*** Opening of Study material ***

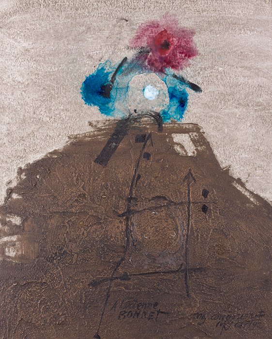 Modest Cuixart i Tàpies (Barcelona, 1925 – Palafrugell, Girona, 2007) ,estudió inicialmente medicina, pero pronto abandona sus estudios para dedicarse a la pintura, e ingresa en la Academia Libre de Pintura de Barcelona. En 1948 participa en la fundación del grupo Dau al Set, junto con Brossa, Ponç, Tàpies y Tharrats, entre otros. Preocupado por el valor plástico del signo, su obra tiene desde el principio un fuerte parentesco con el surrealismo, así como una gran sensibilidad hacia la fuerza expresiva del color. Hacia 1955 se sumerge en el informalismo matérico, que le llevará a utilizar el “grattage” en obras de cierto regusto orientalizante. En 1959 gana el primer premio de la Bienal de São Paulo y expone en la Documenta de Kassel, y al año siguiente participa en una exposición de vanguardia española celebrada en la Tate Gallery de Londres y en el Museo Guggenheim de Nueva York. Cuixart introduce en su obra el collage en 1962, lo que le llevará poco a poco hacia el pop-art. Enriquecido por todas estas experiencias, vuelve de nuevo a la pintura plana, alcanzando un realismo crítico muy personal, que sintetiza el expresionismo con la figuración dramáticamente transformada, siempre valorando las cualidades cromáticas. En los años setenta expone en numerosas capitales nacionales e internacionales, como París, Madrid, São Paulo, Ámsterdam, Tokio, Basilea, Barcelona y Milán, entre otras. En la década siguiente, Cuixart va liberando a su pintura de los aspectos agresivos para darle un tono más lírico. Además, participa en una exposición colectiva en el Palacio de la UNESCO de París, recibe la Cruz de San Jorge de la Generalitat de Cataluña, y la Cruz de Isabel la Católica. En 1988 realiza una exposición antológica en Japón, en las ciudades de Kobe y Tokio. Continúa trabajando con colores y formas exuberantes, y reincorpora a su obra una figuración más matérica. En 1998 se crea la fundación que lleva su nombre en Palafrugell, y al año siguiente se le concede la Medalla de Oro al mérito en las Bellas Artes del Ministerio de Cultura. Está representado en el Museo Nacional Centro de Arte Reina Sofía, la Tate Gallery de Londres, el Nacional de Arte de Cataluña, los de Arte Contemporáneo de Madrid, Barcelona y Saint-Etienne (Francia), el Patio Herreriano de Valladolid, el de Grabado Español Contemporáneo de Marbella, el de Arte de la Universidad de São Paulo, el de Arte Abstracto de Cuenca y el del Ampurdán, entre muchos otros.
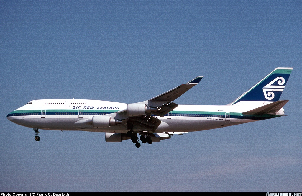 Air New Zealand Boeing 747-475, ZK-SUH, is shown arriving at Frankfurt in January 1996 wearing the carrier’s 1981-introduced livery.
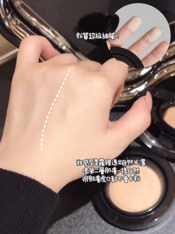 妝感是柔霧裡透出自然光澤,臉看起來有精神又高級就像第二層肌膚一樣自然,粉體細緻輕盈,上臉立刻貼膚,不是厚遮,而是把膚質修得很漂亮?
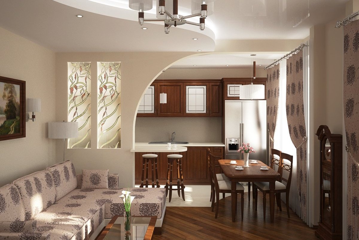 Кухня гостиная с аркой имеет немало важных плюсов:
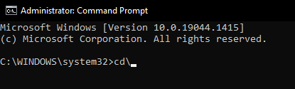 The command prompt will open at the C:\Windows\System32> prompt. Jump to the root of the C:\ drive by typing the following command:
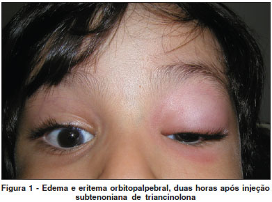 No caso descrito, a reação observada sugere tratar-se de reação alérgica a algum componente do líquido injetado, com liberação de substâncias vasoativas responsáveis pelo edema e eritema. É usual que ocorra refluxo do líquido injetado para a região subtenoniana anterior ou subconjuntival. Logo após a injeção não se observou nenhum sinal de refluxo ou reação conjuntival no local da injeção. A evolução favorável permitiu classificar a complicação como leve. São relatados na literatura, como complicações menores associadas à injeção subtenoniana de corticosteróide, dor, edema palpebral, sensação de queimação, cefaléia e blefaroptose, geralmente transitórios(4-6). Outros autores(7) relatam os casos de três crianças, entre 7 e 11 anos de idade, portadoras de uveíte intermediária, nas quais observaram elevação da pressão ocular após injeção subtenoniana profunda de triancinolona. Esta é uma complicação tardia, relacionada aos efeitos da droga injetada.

*** Close of Study material ***

Problem details
Both boundary lines included, write out word for word only the lines above from the one containing "Кухня гостиная с" to the one containing "The command prompt", leaving out any pictures.

Written solution
 Кухня гостиная с аркой имеет немало важных плюсов:
 The command prompt will open at the C:\Windows\System32> prompt. Jump to the root of the C:\ drive by typing the following command:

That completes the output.